Starting at the end of 2025, the Vera C. Rubin Observatory and its Legacy Survey of Space and Time (LSST) will survey the visible night sky every ~3 nights down to ~24th magnitude in 6 broad-band filters. Rubin Observatory will completely change our view of the outer Solar System with the LSST expected to discover over 40,000 new outer Solar System minor planets. This is about an order of magnitude more objects than are currently known to reside in the Trans-Neptunian region. The LSST will place the best constraints on the existence of possible distant unseen large planetary-sized masses, within the regions of the Kuiper belt and Inner Oort Cloud, that may have sculpted in the past or are actively shepherding the orbits of distant minor planets. We use Sorcha, a bespoke open-source python Solar System survey simulator for the LSST, to examine the prospects of LSST discovering these proposed planets. Sorcha is optimized for the scale of the LSST discoveries (~5 million Solar System detections/ ~1 billion individual photometric and astrometric detections at the end of 10 years).

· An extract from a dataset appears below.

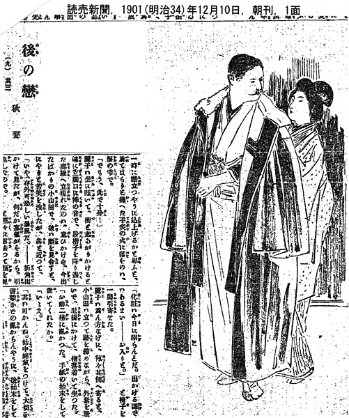 キーワード [インバネス;トンビ;鳶(とんび);二重回し;二重廻し;二重外套;二重マント];毛皮の襟;外套を着せかける
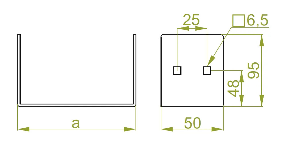 З'єднання лотків та фітингів. Матеріал S - Сталь, оцинкована методом Сендзіміра PN-EN 10346:2015-09 Доступні варіанти оздоблення: F - гарячеоцинкована сталь PN-EN ISO 1461:2023-02 E - нержавіюча сталь Додаткова інформація – використовуйте болти SGKM6x14 для кріплення з лотками

Sorcha can take any input orbital population and bias it to what the LSST would have detected utilizing a real or simulated LSST pointing history and observation metadata combined with the latest information about Rubin Observatory's expected performance and the Rubin Solar System Processing pipeline's detection efficiency. I will present the prospects and opportunities for Rubin Observatory to discover and test various proposed “Kuiper belt planets” or planetary-sized masses residing in the Trans-Neptunian region and beyond, including the Planet Nine model. I will also discuss the parameter space that the automated Rubin Solar System Processing Pipelines will be able to search and constrain, expectations for the first few years of the LSST, and opportunities for additional search algorithms.